In light of the recent decry of corruption embedded on the budget (FY 2004) sounded off by Mujahid Mohamed Hashi, I thought it is an opportune time to reflect on the analysis I made exactly a year ago on the prior budget (FY 2003), while we are all anxiously awaiting the details of the current budget passed by the cabinet. Here is the analysis
- The budget of Somaliland for the fiscal year 2003 is (101,687,066,649 S/Shilling) and that is equivalent to US$16,140,804 according to the official exchange rate (US$ 1 = 6,300 Somaliland ah), which the ministry applied at the time.

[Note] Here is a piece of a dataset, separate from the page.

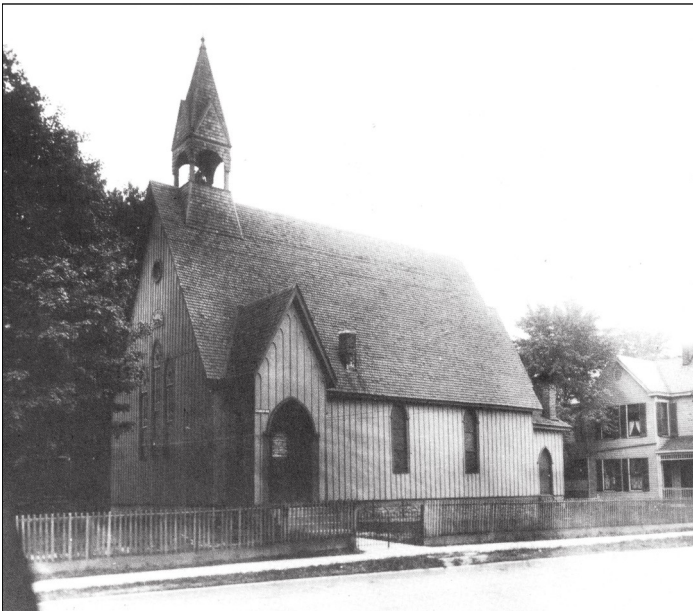
Original wooden-structure Episcopal Church in Milldale (Latonia). In 1890 it was sold to the Methodists.

- The President of Somaliland is the highest paid elected head of State in the hemisphere, north and south, according to the FY 2003 budget. If that sounds outrageous, unbelievable, and unconscionable, read on. The budget document doesn’t specify the salary of the President per se but the expenditure earmarked for the (Qasriga Madaxtooyada), which roughly translates to residence of the Presidency is $515,956. To avoid any confusion, the budget of the residence of the Presidency is different from that of the Ministry of the Presidency.

- The President doesn’t pay rent or utilities (power and water). Moreover, the staff of the President is paid from the budget of the Ministry of the Presidency (political fund/expense account), which has a budget of $998,000.

- The Ministry of the Presidency (political fund/expense account) has the third highest budget and the salary budgeted for the staff of the Presidency “Madaxtooyada” is $67, 682. This salary alone is more than the combined salaries of the following seven Ministries, which totals to a mere $63,937: foreign affairs ($17,192), contracts agency (3,610) removal of mines agency (8,690), the two houses of the parliament ($23,392), the Supreme Court (8,800), and parliament coordinating ministry ($2,253). Is it sensible to conclude that the staff of the Presidency is more and paid higher than the staff of these seven ministries combined?

- Furthermore, the salary of the bodyguard of the President could come either from the Ministry of defense or from the Ministry of the Presidency or from the National Army but which one I am not sure. The chance that the salary of the bodyguard of the President is paid from the residence of the Presidency “qasriga Madaxtooyada” is slim.

- This clearly demonstrates that the expenditure of the residence of the Presidency “qasriga Madaxtooyadu” is a misnomer. It is euphemistically labeled and there is no other reasonable conclusion but to label it ($515,956) correctly as the salary of the President. Furthermore, the budget document labeled it only as the expenditure of the Presidency in lump sum. No detail provided. Contrast that with the salary of President George W. Bush, which is mere $400,000 not monthly, but yearly. As a matter of fact, the salary of the President of the United Stated was only $200,000 when Clinton left office. It was Clinton who passed the legislation to double the salary of the President effective his successor. In addition President Bush has an expense account of $50,000 and not $998,000 like the President of Somaliland does. Contrast also with that of the President of South Africa $120,000 and that of the President of Eritrea $36,000.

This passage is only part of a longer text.